Erosion on church retreat property.
Over a tiny tract of land — nestled in the middle of the Ash Meadows National Wildlife Refuge northwest of Pahrump that a church uses for a retreat — a state agency has pierced the dark bureaucratic clouds with a ray of sunshine.
In 2010 the U.S. Fish and Wildlife Service rerouted a stream that had run through the Ministero Roca Solida (Solid Rock) church’s 40-acre parcel of private land since at least the 1880s. The church purchased the land in 2006 and used the stream for traditional baptisms. The federal agency claimed it needed to reroute the stream so it could reintroduce speckled dace, an endangered minnow.
The rerouted spring-fed stream promptly overflowed its poorly engineered banks during a rain storm in 2010, presumably washing away the dace as well. Flooding occurred again in 2015 and twice this year, extensively damaging buildings and creating massive gullies.
But in an order dated Nov. 4 the state Division of Water Resources, arbiter of water rights in Nevada, demanded that Fish and Wildlife within 90 days return the stream to its original banks transversing the church retreat property or face a fine of $10,000 per day.
The state water agency concluded that the contention by Fish and Wildlife that it was reestablishing a historic natural drainage course is clearly wrong and the Carson Slough historically traversed the church land and the church has vested rights to the water, as well as the evidence to prove it, dating as far back as 1887.
The Solid Rock church, pastored by Victor Fuentes, a Cuban immigrant, has been fighting the federal land agency in court for several years with the aid of Nevada Policy Research Institute’s legal arm, the Center for Justice and Constitutional Litigation. The court case is currently pending in the U.S. Court of Federal Claims.
“Getting the water returned would be a major first step in making the Ministry whole, after years of suffering litigation and egregious constitutional violations by the U.S. Fish and Wildlife Service,” said Joe Becker, director of NPRI’s legal unit. “However, the Ministry still suffered significant harm in the interim from the federal government’s actions — including repeated flooding and five years of flood damage resulting from the illegal water diversion project.”
The first flooding caused $86,000 in damages, but subsequent floods have created so much damage the church is seeking $3 million or complete restoration of the property to its original status.

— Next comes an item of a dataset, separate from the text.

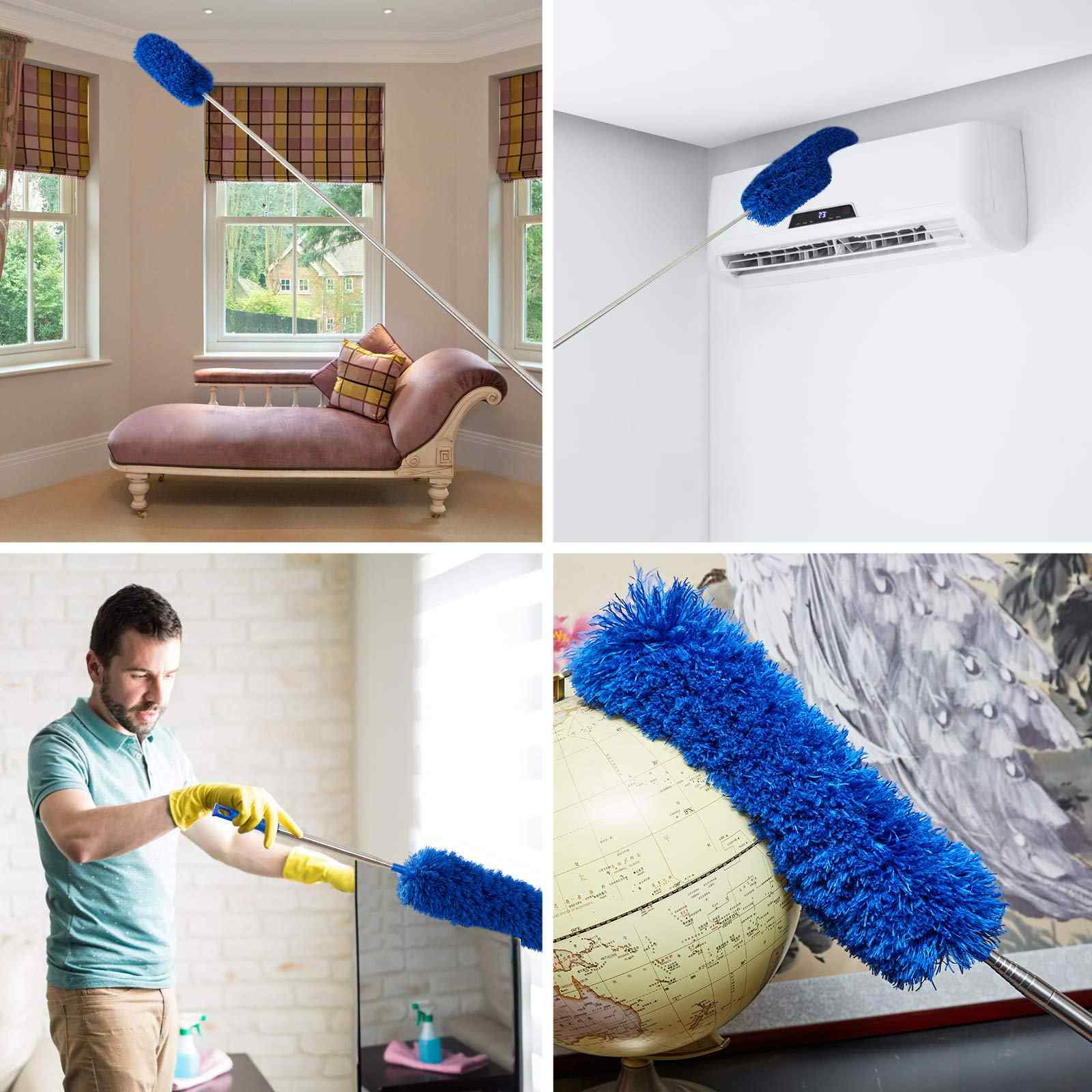 Flexible Design for Hard-to-Reach Areas: The long microfiber duster is equipped with a built-in, bendable metal rod, allowing you to adjust its shape to clean hard-to-see areas, such as the top of desks or the back of ceiling fans. Its microfiber material carries a slight positive charge, which allows it to easily grab and capture hair and dust
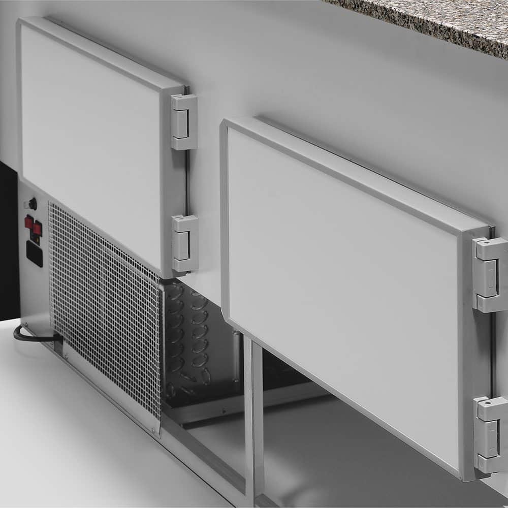 Disken er ikke kun flot at se på; den er bygget til arbejde. Arbejdsbordet og udstillingsfladen er udført i AISI 304 rustfrit stål, hvilket er hygiejnisk og nemt at rengøre. Det indbyggede LED-lys præsenterer varerne optimalt uden at afgive varme. En af de største fordele ved denne model er den kølede reserve i bunden (tilgængelig fra bagsiden), som giver dig mulighed for hurtigt at genopfylde disken uden at skulle løbe ud på lageret.

Becker said, “A mini-grand-canyon now cuts through what was once lush wetlands, and the significant improvements made to structures and the land for the benefit of young campers are being undone with each recurring flood.”
The state’s action is a step in the right direction toward restoring the church’s property and water rights, but the federal government needs to repair or pay for the damage it has caused.
A version of this editorial appeared this week in some of the Battle Born Media newspapers — The Ely Times, the Mesquite Local News, the Mineral County Independent-News, the Eureka Sentinel, Sparks Tribune and the Lincoln County Record.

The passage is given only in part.